Nora did not say any more. She was not so warm a partisan as Miss Barbara's companion ought to have been. She drove along quietly, taking no further part in the talk, which the old lady maintained alone. "How can I go in to my peaceful house and eat my comfortable dinner, not knowing but my own flesh and blood may be shut up in a jail?" she said. Then she added quickly, "There's that lad, young Rintoul. I'm not fond of any of his family; but I suppose he's a gentleman. He'll go in and ask what has happened. Fast—to your right hand, Nora. Now draw up. He sees what I mean. Lord Rintoul," added Miss Barbara, "I have a favour to ask of you. You may have heard my nephew John Erskine's name bandied about these late days. He's been in the Town-house before the sheriff and the procurator-fiscal this hour and a half or more. It's not for me to ask the town-bodies about what has happened. Will you go and bring me word?"
Rintoul stood silent for a moment before he made any reply. Her voice seemed to have called him from painful reflections of his own, the chain of which he could not in a moment break. He gave her a half-bewildered look, then turned to Nora, who looked at him more gently, with sympathetic eyes. How haggard he looked, and worn!—he who had been so ruddy and manly, only too much flesh and blood, almost too little inclination to be moved by emotion or sentiment,—was all this because of the sudden death of his brother-in-law, a man for whom he cared nothing? Nora was extraordinarily impressed by Rintoul's changed appearance. Miss Barbara, preoccupied by her own anxieties, scarcely noticed him at all.
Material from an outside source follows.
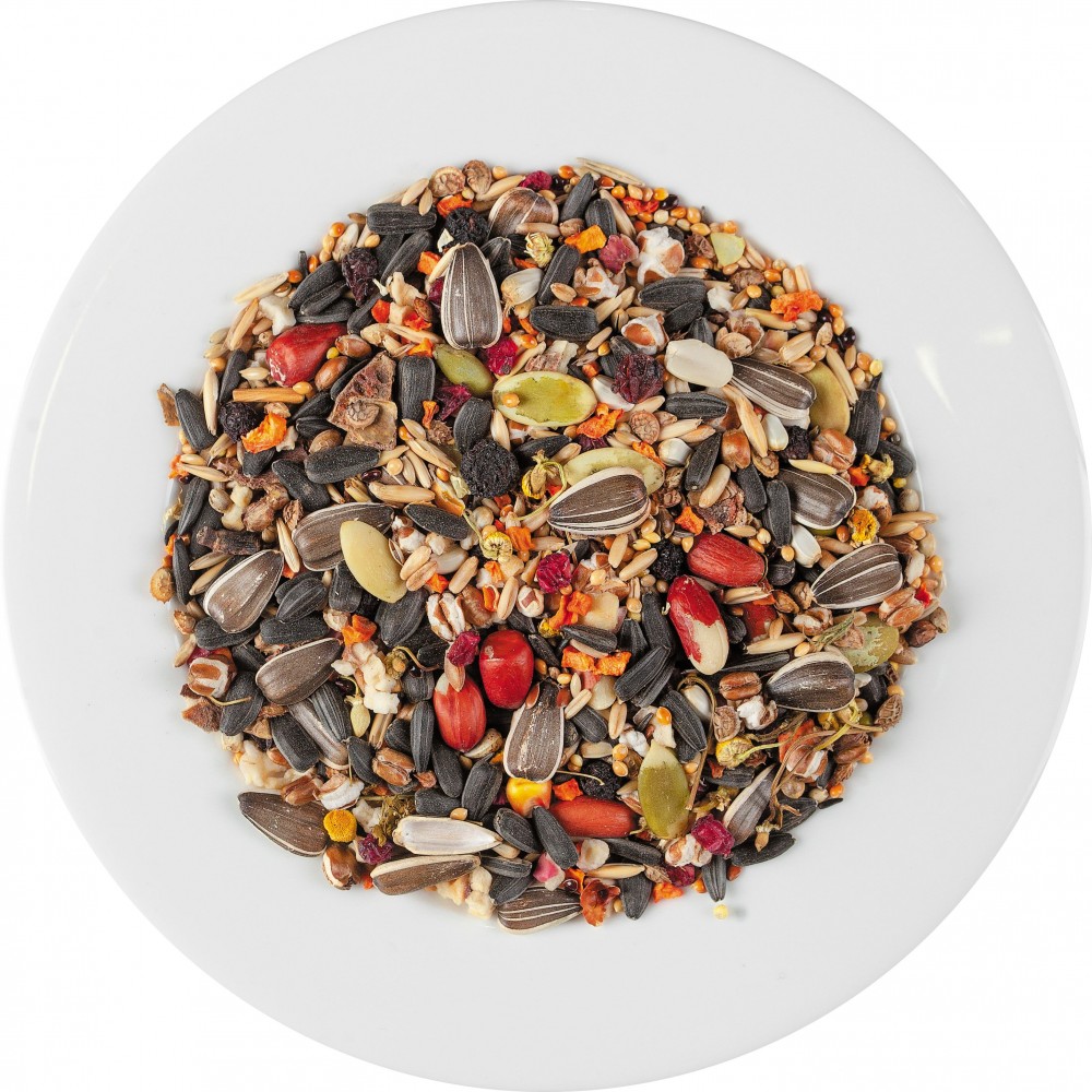 Склад: просо жовте, просо червоне, овес голозерний, насіння соняшнику, канаркове насіння, просо чорне, абіссінський нуг, полба, еспарцет, маїс, насіння льону, арахіс, сушене яблуко, насіння соняшнику сірого, боби мунг, сафлор, насіння гарбуза очищене, насіння конопель, сушена морква, повітряна пшениця, кероб подрібнений, сушена горобина, сушений барбарис, сушений виноград, квіти ромашки.

"In the Town-house with the sheriff? What does that mean?"
"I forgot you were English," said Miss Barbara with a touch of contempt. "It means some examination of witnesses anent the death of Pat Torrance, your brother-in-law. What my nephew should have to do with it, I cannot tell you. It's just that I would have you inquire."
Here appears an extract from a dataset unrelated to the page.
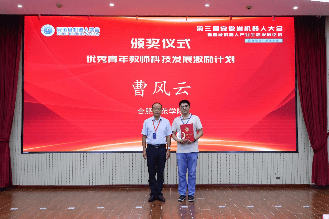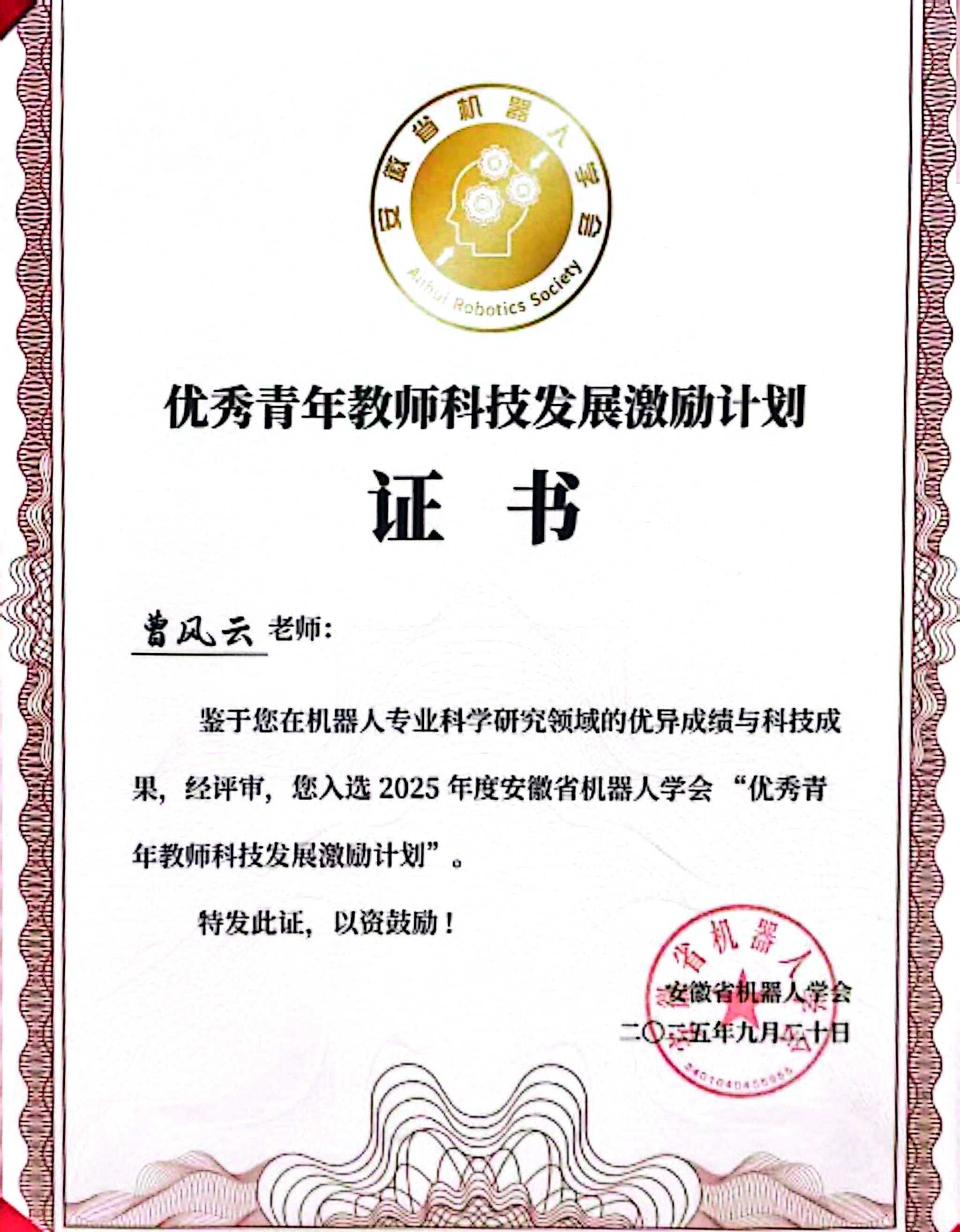 近日,第三届安徽省机器人大会暨智能机器人产业生态发展论坛在安徽工程大学召开,会上颁发了安徽省机器人学会2025年度奖励。2138CC太阳集团曹风云老师荣获优秀青年教师发展激励计划奖励。

"He can have nothing to do with it," said Rintoul; and then he stopped short, and the momentary animation died out of his face. He shivered as he stood in the sunshine, which was as warm as September ever is in Scotland. "It must be a mistake; we have heard nothing of this," he said. "I am sure Carry—would be averse to any fuss. It was such a thing for her that there was no coroner's inquest. I made sure we were all safe. You must be mistaken," he said.
"Lord Rintoul," said Nora, who was given to opposition, "though there is no coroner's inquest, there must be justice; and if they think Mr Erskine has anything to do with it——"
"He has nothing to do with it," said Rintoul, with petulant impatience. Miss Barbara stretched her hand over Nora to grasp his, but this gesture seemed to drive him back into himself. He withdrew a little from the side of the pony-carriage, and made a pretence of not seeing the old lady's outstretched hand. Miss Barbara was shocked, and gave him a curious look; but she was not prepared for disrespect, and did not expect it. She went on more eagerly than before—
"And here I am helpless," she said. "I cannot go in myself. I will not send Nora. Will you do my errand, Lord Rintoul? Bring me word, not here, but to my house. I am going home."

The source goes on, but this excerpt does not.